# TASK OBJECTIVE
Output nothing except the lines from the one containing "Typical 3 seater" through the final line of the data, both included, typed exactly, minus the pictures.

Data records:

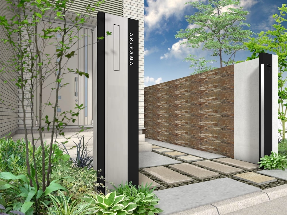 オンリーワンの表情をアクセントに取り入れたスタイリッシュな門周りデザインです。
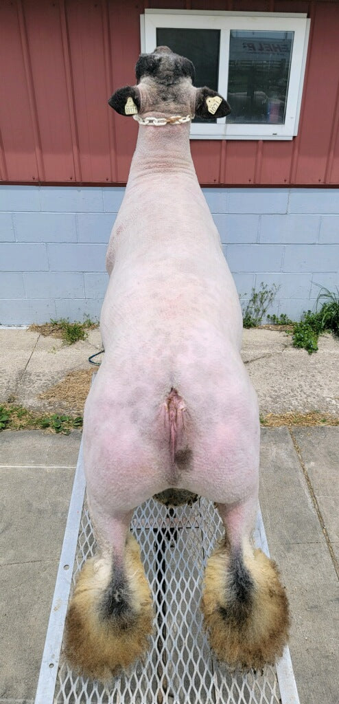 He's a super shallow round ribbed ram with alot of bone and shag, a real freak when he was a baby.
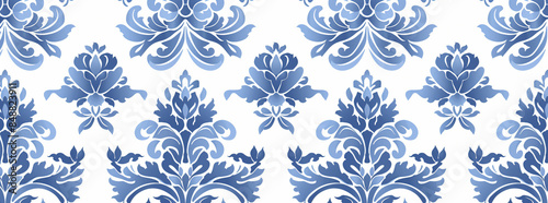 A seamless pattern of blue damask on a white background, in the style of seamless.
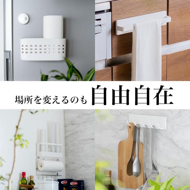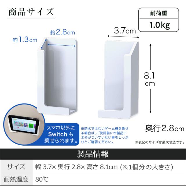 磁石の力でキッチン廻りに簡単取付!取り外し、位置替えも簡単で壁を傷つけません。スマホはもちろんタブレットにも対応したアイテムです。タテ向きにも取付OK。※商品の取付方向にご注意ください。※防水仕様ではありませんので、スマホ・タブレットの取り扱いには注意してください。耐荷重 : 1.0kgサイズ : 幅3.7×奥行2.8×高さ8.1cm材質 : 本体=ABS樹脂/ラバーマグネット スベリ止め=ポリウレタン
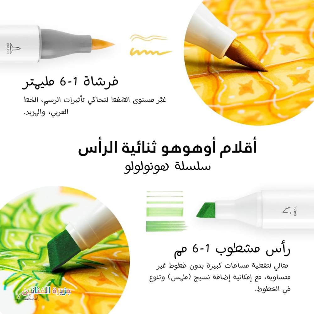 ارتقِ بإبداعك إلى مستوى جديد مع أكبر مجموعة من ماركرات Ohuhu Honolulu — 216 لونًا زاهيًا تغطّي كامل طيف الألوان، وتشمل قلم دمج عديم اللون لدمج سلس واحترافي.
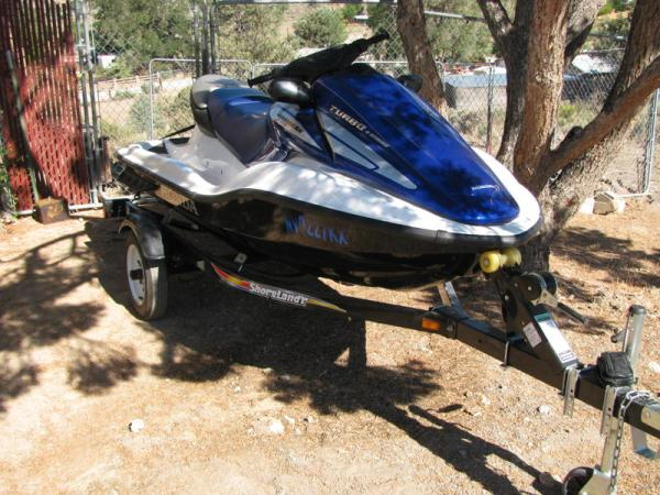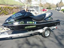 Typical 3 seater jet ski with a single trailer. Ski is 1000lbs, trailer is 250lbs. Trailer is 46" wide by 150" long.Tires are brand new but there is no spare tire. Item can be picked up at residence or at buisness. There is a forklift at the business address if need be for pickup. Item is to be delivered at a home residence or local marina if a forklift is needed to unload.
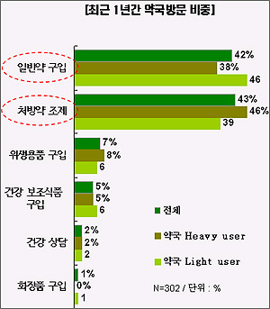 강남구약사회는 최근 6개월간 강남구, 서초구 소재 시민 302명을 대상으로 '소비자 약국 이용 실태조사'을 실시한 결과 최근 1년간 약국방문 비중에서 42%가 일반약을, 43%가 처방약을 조제하기 위해 약국을 이용했다.

# SOLUTION
 Typical 3 seater jet ski with a single trailer. Ski is 1000lbs, trailer is 250lbs. Trailer is 46" wide by 150" long.Tires are brand new but there is no spare tire. Item can be picked up at residence or at buisness. There is a forklift at the business address if need be for pickup. Item is to be delivered at a home residence or local marina if a forklift is needed to unload.
 강남구약사회는 최근 6개월간 강남구, 서초구 소재 시민 302명을 대상으로 '소비자 약국 이용 실태조사'을 실시한 결과 최근 1년간 약국방문 비중에서 42%가 일반약을, 43%가 처방약을 조제하기 위해 약국을 이용했다.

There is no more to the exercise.